Question

How do you verify ${\text{tan(}}\theta {\text{)cosec(}}\theta {\text{) = sec(}}\theta {\text{)}}$ ?

Answer 1

Hint: In this question, we are asked to verify the given statement. First we have to expand the terms using the properties of trigonometric functions and its expressions. And then we need to equate or interpret the expression of the LHS in such a way that we can get the RHS. By this we get the RHS.

Formula used: The properties of trigonometric functions used:
${\text{tan(}}\theta {\text{) = }}\dfrac{{\sin (\theta )}}{{\cos (\theta )}}$
${\text{cosec(}}\theta {\text{) = }}\dfrac{1}{{\sin (\theta )}}$
${\text{sec(}}\theta {\text{) = }}\dfrac{1}{{\cos (\theta )}}$

Complete step-by-step solution:
We are asked to verify that the given LHS is equal is LHS i.e. ${\text{tan(}}\theta {\text{)cosec(}}\theta {\text{) = sec(}}\theta {\text{)}}$
For this, we will use the properties of trigonometric functions.
From the properties of trigonometric functions, we have
$ \Rightarrow {\text{tan(}}\theta {\text{) = }}\dfrac{{\sin (\theta )}}{{\cos (\theta )}}$
$ \Rightarrow {\text{cosec(}}\theta {\text{) = }}\dfrac{1}{{\sin (\theta )}}$
Now replacing ${\text{tan(}}\theta {\text{) }}$ by ${\text{ }}\dfrac{{\sin (\theta )}}{{\cos (\theta )}}$ and ${\text{cosec(}}\theta {\text{) }}$ by $\dfrac{1}{{\sin (\theta )}}$, we get
LHS =${\text{tan(}}\theta {\text{)cosec(}}\theta {\text{)}} = \dfrac{{\sin (\theta )}}{{\cos (\theta )}} \times \dfrac{1}{{\sin (\theta )}}{\text{ }}$
As there is a$\sin (\theta )$ in both the numerator and denominator, we can cancel it to simplify.

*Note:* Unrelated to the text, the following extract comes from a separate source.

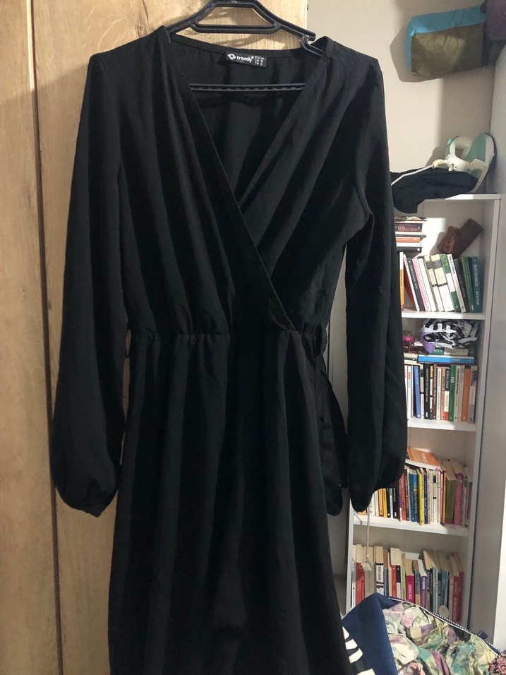 Uzun kollu, siyah midi boyunda, bol kesim gotik tarzda, desensiz kadın elbisesi. Karanlık ve şık görünüm için uygun.

And it will become like this,
$ \Rightarrow {\text{tan(}}\theta {\text{)cosec(}}\theta {\text{)}} = \dfrac{1}{{\cos (\theta )}}$
Now we use the formula ${\text{sec(}}\theta {\text{) = }}\dfrac{1}{{\cos (\theta )}}$, we have to replace ${\text{ }}\dfrac{1}{{\cos (\theta )}}$by ${\text{sec(}}\theta {\text{) }}$.
$ \Rightarrow {\text{tan(}}\theta {\text{)cosec(}}\theta {\text{)}} = \sec (\theta )$
And we get the RHS,
Hence proved.

Note: In this question we have alternative method as follows:
Alternative method:
In this question, we need to verify that${\text{tan(}}\theta {\text{)cosec(}}\theta {\text{)}} = \sec (\theta )$.
We can verify this by solving RHS too.
We all know the properties of trigonometric functions, from that we can say
$ \Rightarrow \sec (\theta ) = \dfrac{1}{{\cos (\theta )}}$
Therefore, by replacing $\sec (\theta )$ by $\dfrac{1}{{\cos (\theta )}}$, we get
$ \Rightarrow \sec (\theta ) = \dfrac{1}{{\cos (\theta )}}$
Now, we have to multiply and divide it by $\sin (\theta )$,
$ \Rightarrow \sec (\theta ) = \dfrac{1}{{\cos (\theta )}} \times \dfrac{{\sin (\theta )}}{{\sin (\theta )}}$
Making it as an expression we get,
$ \Rightarrow \sec (\theta ) = \dfrac{{\sin (\theta )}}{{\cos (\theta )\sin (\theta )}}$
Now we need to split this as$\dfrac{{\sin (\theta )}}{{\cos (\theta )}} \times \dfrac{1}{{\sin (\theta )}}$,
$ \Rightarrow \sec (\theta ) = \dfrac{{\sin (\theta )}}{{\cos (\theta )}} \times \dfrac{1}{{\sin (\theta )}}$
As we know that,
$ \Rightarrow {\text{tan(}}\theta {\text{) = }}\dfrac{{\sin (\theta )}}{{\cos (\theta )}}$
$ \Rightarrow {\text{cosec(}}\theta {\text{) = }}\dfrac{1}{{\sin (\theta )}}$
We will replace $\dfrac{{\sin (\theta )}}{{\cos (\theta )}}$ by ${\text{tan(}}\theta {\text{)}}$ and $\dfrac{1}{{\sin (\theta )}}$ by ${\text{cosec(}}\theta {\text{)}}$ to get the answer.
Therefore it becomes, LHS =$\sec (\theta ) = \tan (\theta )\cos {\text{ec}}(\theta )$.
Hence the given statement is verified.